Collaboration key to combatting health worker shortages

Global health experts in New York City discuss how host countries and countries of origin can work together to address global workforce shortages during the Building trust — international cooperation models for workforce mobility panel session at Devex Impact House on the sidelines of UNGA80. Photo by: Devex

Many countries around the world don’t have the number of health care professionals they require to run a robust health system. While there is an overall health worker shortage, part of the problem is brain drain where nurses and doctors train abroad and often don’t return, experts said during this week’s 80th United Nations General Assembly.

“We are operating from a really strong deficit, and the question is: How do we address this sustainably, equitably, and with dignity?” Anne Makena, director of partnerships at the University of Global Health Equity, or UGHE, in Rwanda, asked the room in New York.

Currently, 15% of health care workers globally are working outside their home countries, while Africa, in particular, faces a significant workforce shortage with 24% of the global disease burden but only 3% of the health care workforce.

At an UNGA80 side event, organized and hosted by the Saudi Commission for Health Specialties, or SCFHS, in partnership with Devex, four global health experts came together to discuss how international cooperation can strengthen health workforce education, retention, and mobility, especially in regions facing acute shortages.

“The world is facing the greatest health workforce challenge of our time while cross-border recruitment and migration are accelerating, opening new possibilities but also intensifying the strain on fragile systems,” said Fahad Alrowaitea, executive director of corporate communications at SCFHS. “The commission wanted to bring people together to discuss how to shape the future of global health and cocreate solutions that ensure health systems everywhere can rise to the growing demand for care.”

These were the takeaways from the event:

International recruitment models should be beneficial to both countries

Speakers described recruitment practices that avoid brain drain by pairing recruitment with training replacements. For example, Ireland recruits general practitioners from lower-income countries for postgraduate surgical training, after which they must return home.

“Ireland gets the benefit of their labor during that time. … It’s a win-win situation because they’re not taking specialists, they’re actually creating specialists,” explained Dr. Kate Tulenko, founder and board chair of global health services company Corvus Health, adding that this is a blueprint that other countries could copy. In Germany, there is also a model of bilateral agreements with governments to recruit health workers while also expanding the pool of health workers.

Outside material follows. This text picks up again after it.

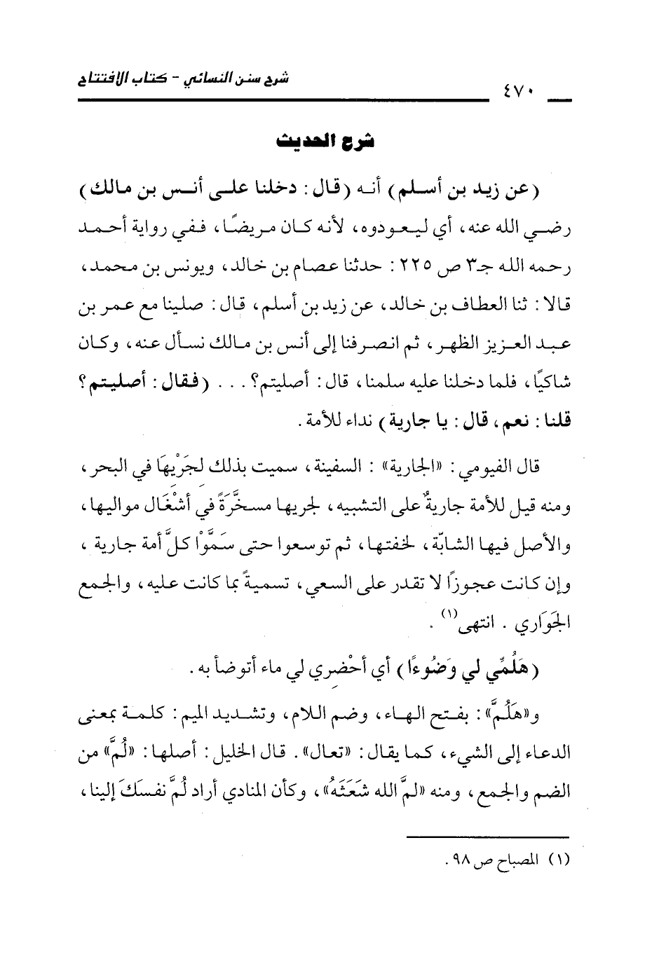 (عن زيد بن أسلم) أنه (قال: دخلنا على أنس بن مالك) رضي الله عنه، أي ليعودوه, لأنه كان مريضًا، ففي رواية أحمد رحمه الله جـ 3 ص 225: حدثنا عصام بن خالد، ويونس بن محمد، قالا: ثنا العطاف بن خالد، عن زيد بن أسلم، قال: صلينا مع عمر بن عبد العزيز الظهر، ثم انصرفنا إلى أنس بن مالك نسأل عنه، وكان شاكيًا، فلما دخلنا عليه سلمنا، قال: أصليتم؟ ... (فقال: أصليتم؟ قلنا: نعم، قال: يا جارية) نداء للأمة.

Medical training must be accessible locally

Many health workers opt to train overseas because they don’t have access to affordable education at home, panelists said. Innovative funding mechanisms, including loans for training institutions and student support, could expand capacity. This is why UGHE, Makena said, is located in a medically underserved area in Rwanda and offers tuition-free programs. But universities also need loans, added Tulenko, so they can expand.

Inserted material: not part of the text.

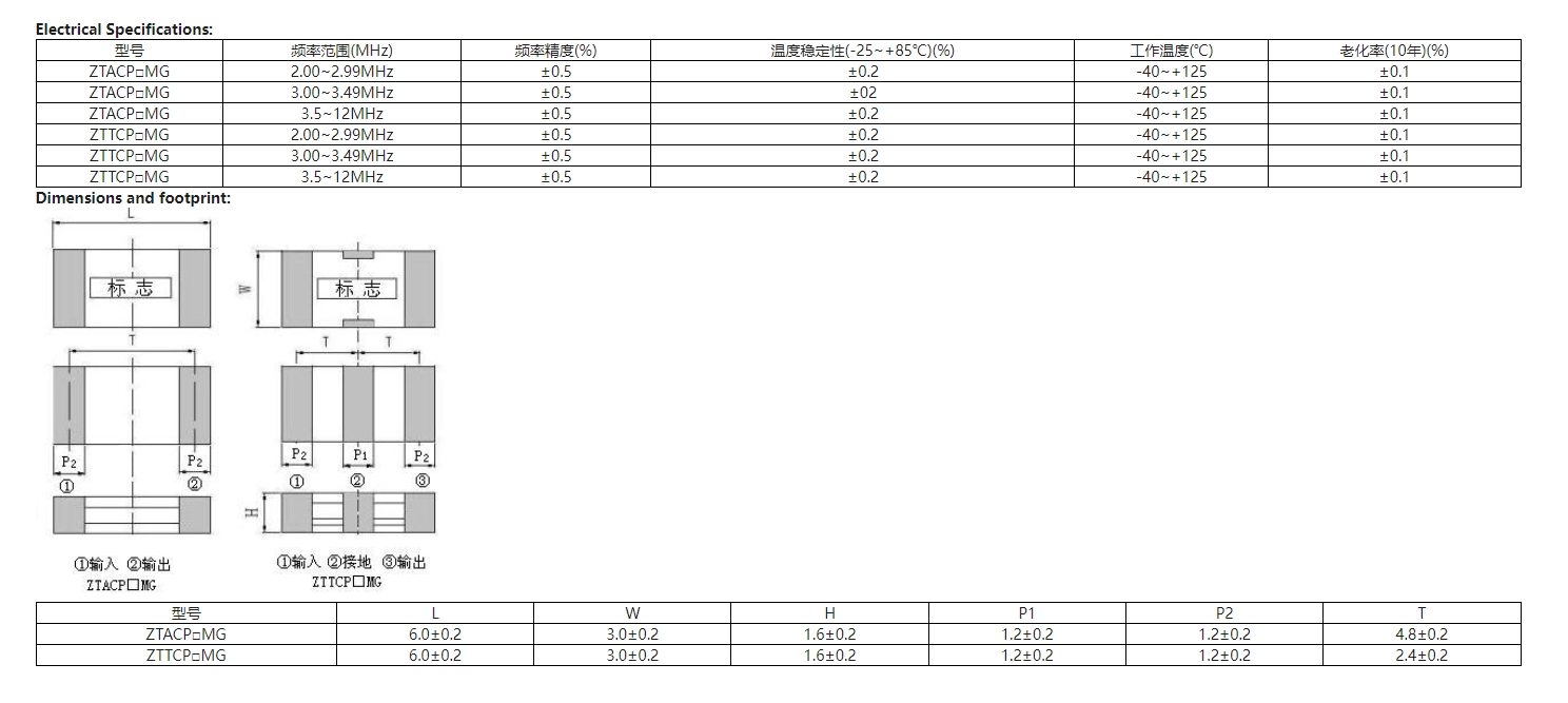 1. ZTACP/ZTTCP系列陶瓷晶振,高性價比

Felicitas Riedl, European Investment Bank’s director for innovation and competitiveness at the projects directorate,  said the EIB provides financing for student loans and supports public and private sector development in health care education.

Technology can bridge training gaps and help to retain talent  

Riedl also highlighted how technology can be used to scale health care education while avoiding physically displacing people. Artificial intelligence, for example, is a “game-changer” that enables practical training to be done locally and theoretical content to be provided centrally, she said.

Digital platforms such as Appleseed Education, for example, can help to digitize curricula and administrative functions in low- and middle-income countries.

For technology to be scaled in this way, however, regulators should approve the use of digital learning, Tulenko said, and harmonize standards.

Human resource systems must be improved

Accurate payroll and workforce data, alongside talking to health workers about what they need, can also improve local retention. “Health workers count, and we need to count them, and we need to have the global picture,” said Rachel Hoy Deussom, global strategist for health systems and workforce at the World Bank and steering committee member for the Frontline Health Workers Coalition.

Tulenko recounted her work in the Dominican Republic, identifying six million fake workers as an example. “It’s a massive level of payroll fraud with people getting paid twice, people who are retired who are still being paid, fake people. By having the correct data … they were able to free up about $9 million per year that they then used to hire real health workers and pay all the health workers more,” she shared.

With aligned values, clear metrics, and inclusive planning, international collaboration can expand and sustain the global health workforce, the panelists said.